- Opening Delimiter -

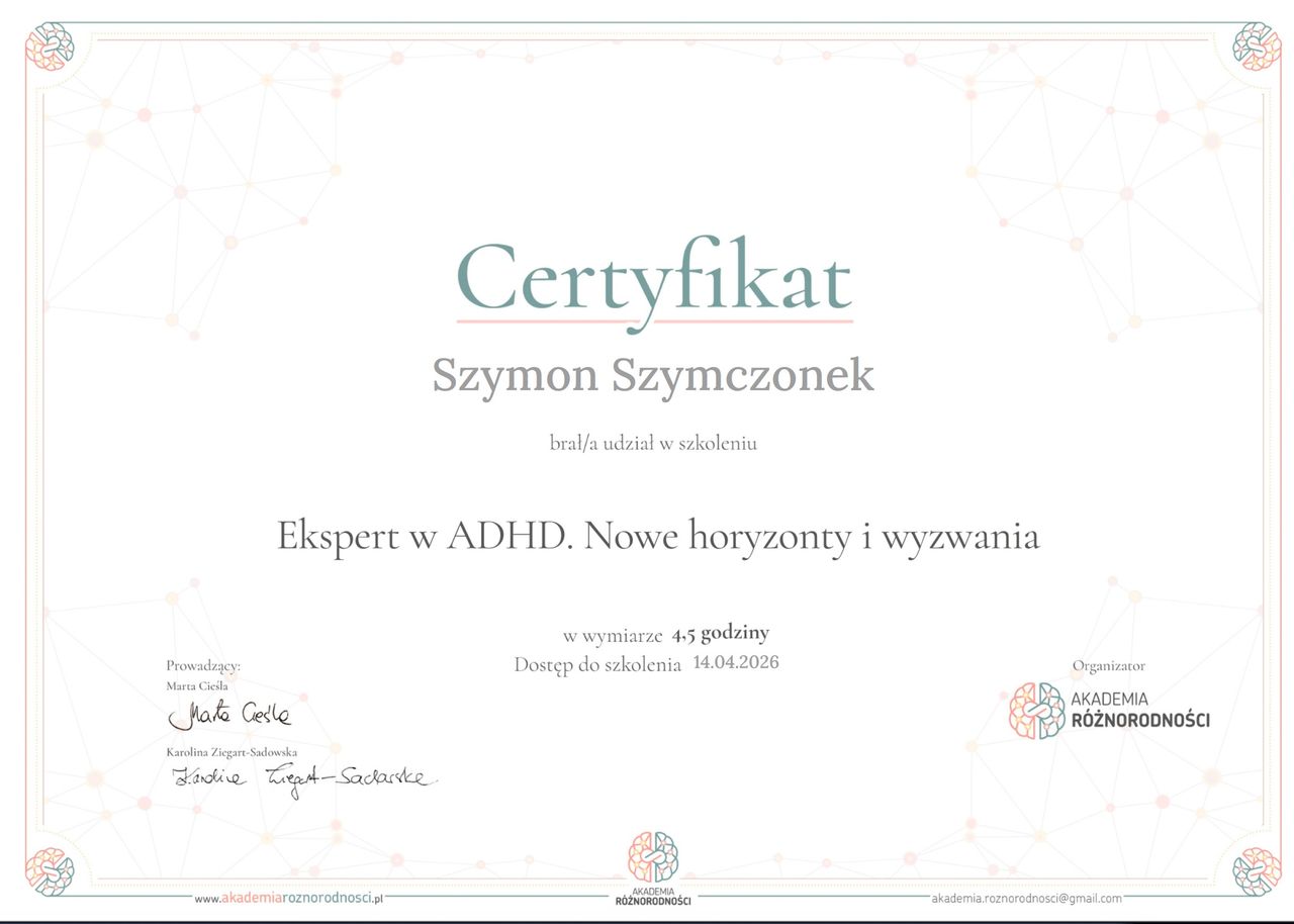 Robiłem z Panem Szymonem diagnozę ADHD. Zdecydowanie polecam, świetna atmosfera i zaangażowanie.
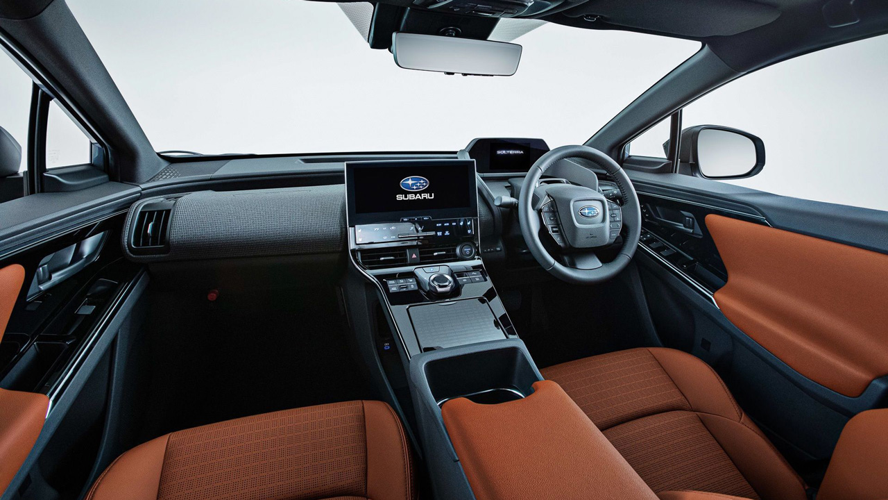 Επιστρέφουμε στο Subaru Solterra και στην εξωτερική του εμφάνιση, η οποία είναι άκρως δυναμική. Έντονα νεύρα διατρέχουν όλο το SUV αμάξωμα διαστάσεων 4.690×1.860×1.650 χλστ., οι πλευρικές προστατευτικές επενδύσεις και οι ράγες οροφής προσδίδουν έναν crossover χαρακτήρα. Επιπλέον, δεν απουσιάζουν τα “sportive” στοιχεία, όπως για παράδειγμα η ιδιαίτερη αεροτομή στο πίσω μέρος και οι εντυπωσιακές ζάντες με μέγεθος από 18 έως 20 ίντσες. H σχεδίαση του εσωτερικού έρχεται αυτούσια από το Toyota bZ4x, εκεί συναντάμε οθόνη σε ρόλο πίνακα οργάνων πίσω από το τιμόνι, αλλά και μία μεγάλη οθόνη αφής στην κεντρική κονσόλα.
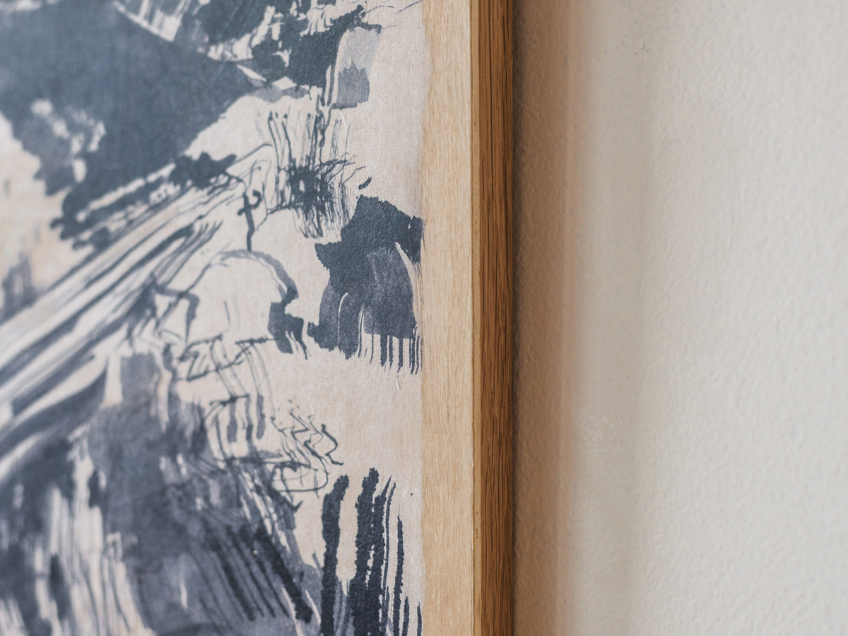 Original ink and brush drawing on Japanese paper, treated with archival anti-UV spray and finished with layers of polished cold wax on cradled plywood panel. Fi likes the idea that her paintings can exist as objects without additional glass and framing.
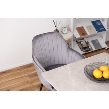 ベロアの質感が美しい包み込まれるモダンなダイニングチェア
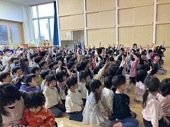 2択のクイズでよく考えながら「はーい!」と元気いっぱいに答え、盛り上がりました。
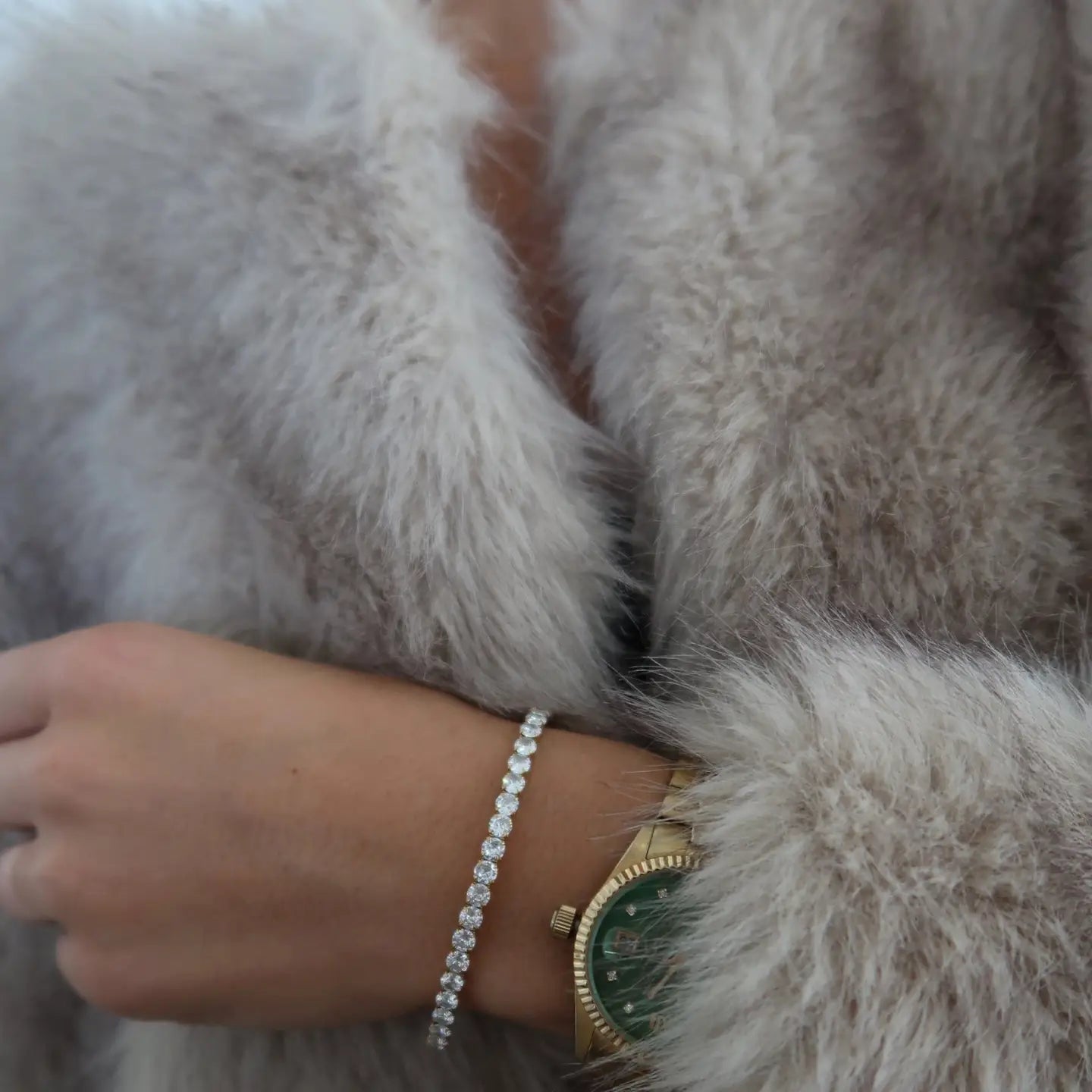 Our Stretchy Tennis Bracelet is the epitome of style and durability. Crafted with a design that is water-resistant, it's perfect for wear. The stretchy build ensures a comfortable fit for all!

- Closing Delimiter -

→ **Task statement**:
Copy exactly the lines from the line holding "2択のクイズでよく考えながら" to the final line of the listing, and leave the pictures out.

→ **Solution for this problem**:
 2択のクイズでよく考えながら「はーい!」と元気いっぱいに答え、盛り上がりました。
 Our Stretchy Tennis Bracelet is the epitome of style and durability. Crafted with a design that is water-resistant, it's perfect for wear. The stretchy build ensures a comfortable fit for all!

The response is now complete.